3. What benefits are payors offering?
- Home-delivered meals. To combat food insecurity and nutrition deficits, meals delivered directly to the patients are the preferred choice of payors.
- Medically tailored meals. Recently, payors have added medically tailored meals to their benefit offerings. In a medically tailored meal benefit, food that is customized to a person’s medical condition and nutritional needs is delivered to their home several times a week for a specific purpose and duration, often for postoperative or postnatal care.
- General food services. Finally, some payors offer members generic food services in the form of grocery-store discounts, gift cards, or referrals to food pantries.
What are the nuances and complications?
This is where food as medicine gets tricky. There are no simple answers to measurement protocols, reimbursement pathways, or keys to patent success. Some key considerations pharmacies must think about are below.
How do you control consumption?
How do payors incentivize?
How do you measure success?
What about privacy?
Stay tuned for the answers to these questions, and more, in an upcoming blog.
What are the tools needed for patient success?
From a retailer’s purview, great marketing puts the right food in front of the right patient at the right time. Packaging up a “5-minute healthy meals” section at the front of the store increases the likelihood of an enrolled patient finding the product, but what happens when they get home? Is there a guided recipe book that helps patients cook the food properly? Are the meals microwavable for the easiest possible outcome? Or are they raw foods meant to be consumed without the aid of cooking appliances?
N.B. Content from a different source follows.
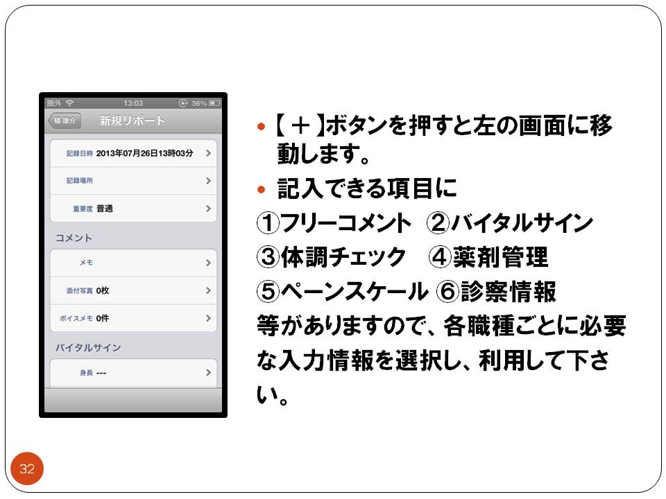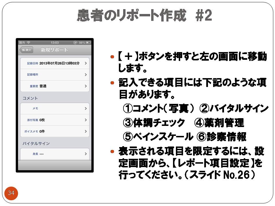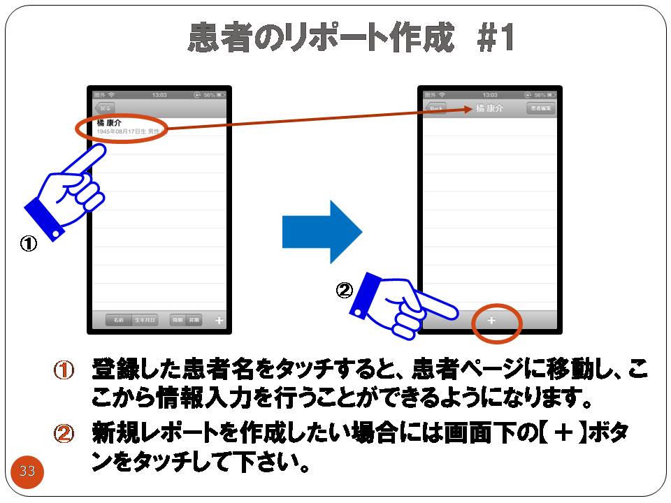 登録した患者の名前をタッチすると画面右の患者ページに移動します。新規レポートを作成したい場合には画面下の【+】ボタンを押してください。

Is it a combination of all three, an easy-to-follow meal plan, recipe book, and fresh food? And what about delivery options? Adding the convenient delivery further increases the likelihood of success. Payors and retailers must work together to identify the best possible solutions and cost considerations. A program that works for payors, providers, and patients.
What does pharmacy’s role look like?
In one word: support. Pharmacy is here to support providers, retailers, and patients through documentation, regardless of format. However payors choose to move forward, pharmacies and pharmacists supply patients with an accessible, trusted partner for patient education, follow up consultations, monitoring and measurement, and care plan support. A billing-enabled EHR can help pharmacists and pharmacy organizations stay on top of their part of a successful program.
For example, let’s walk through a newly diagnosed patient with type II diabetes. She is prescribed medication as well as a food program. As an existing patient of your pharmacy, she remembers a message you had sent about diabetes classes and enrolls. You input the patient into your MTM program, and regularly consult with the patient and tabulate results to send back to collaborative providers and payors. You’ll need to document those results and encounters and be reimbursed for your time as a provider. As you are supporting the food is medicine program, you’re opening your pharmacy up to additional revenue opportunities that positively impact the patient outcomes.
Food is Medicine: Good for Patients
The bottom line is that there is no single pathway to success for a food as medicine program. We’re all working together to identify the next steps and what a successful ecosystem looks like. As payors work through how to implement on their end and retailers adapt systems to fit, pharmacy will be here to support. In preventative and reactive care, payor-sponsored food as medicine is a step in the right direction. Together, pharmacy organizations, payors, and physicians can build a powerful program to shift the course of American healthcare and improve patient health. The future of pharmacy is clinical, from standard clinical services to point-of-care testing.